Today, we open our eyes and cannot avoid these people. Of course, in a developed society, entertainers are necessary. We laugh and sometimes cry at a quality performance. Our memories are seared with images, movies, and songs that have touched us frightened us, and stimulated us. They dramatize the political, the romantic, the good, and the bad. We see in them the potential for the perfection of man or woman as an expression of utopian ideals of love and success.
Yet, have we gone too far? How much influence should they have over us? Our choice of clothes, jewelry, hairstyle, languages, and ideas are often areas that we look toward celebrities to define. If you deny this, then you are exceptional; the rest of us are invariable, more susceptible. Our culture has become saturated with celebrity influence. We watch their every move, including who they are with and what they do. We absorb their politics and gobble up their quotes. We think about what it may be like to be beautiful, rich, and powerful. Fame is an aphrodisiac or so it seems to the unrecognized. Today, we have TomKat(Tom Cruise and Katie Holmes). Yesterday, it was Bennifer(Ben Affleck and Jennifer Lopez).

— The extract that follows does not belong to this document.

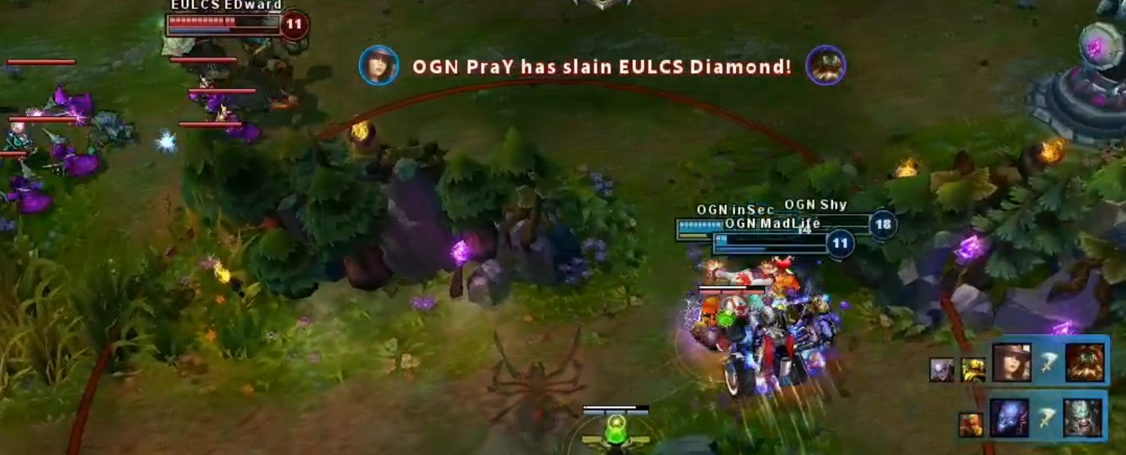 Though EU held the momentum for a little awhile and had some excellent ganks, InSec spotted out Diamondprox's every move, countering it along with Shy with some awesome counter-engages which would put even the most formidable plans from EU down the drain.

Public Interest in these people is frighteningly obsessive. After all, their claim to fame is usually based on pretense or non-reality. They are the constant pretenders, illusionists with screens as their canvas.
The entertainment value of a celebrity stretches beyond the screen or stage, and they are wholly aware of it. We are witnesses to carefully arranged relationships, sudden sightings in sports arenas, and controversial quotes days before a new movie or show opens. They appear on your screen suddenly seems not to promote themselves but rather attempt to come across as natural, likable, smart, and funny. Sometimes we get a glimpse into what certain celebrities are like. Unfortunately, it is usually when they do something wrong. Drugs, infidelity, and physical assaults are a few areas where celebrities have slipped in their public presentation. Mug shots and unflattering photos of famous people are the currency of entertainment news outlets. Being a celebrity has its drawback, in this regard, as they are monitored as closely as governmental heads of the biggest nations on earth. Alas, the power of celebrity is here with us to stay. Or is it? Can we teach our children who the chancellor of Germany is before we explain the history of Madonna? If we can’t, America will become a nation of uninformed celebrity worshippers numb to the more important realities of the world.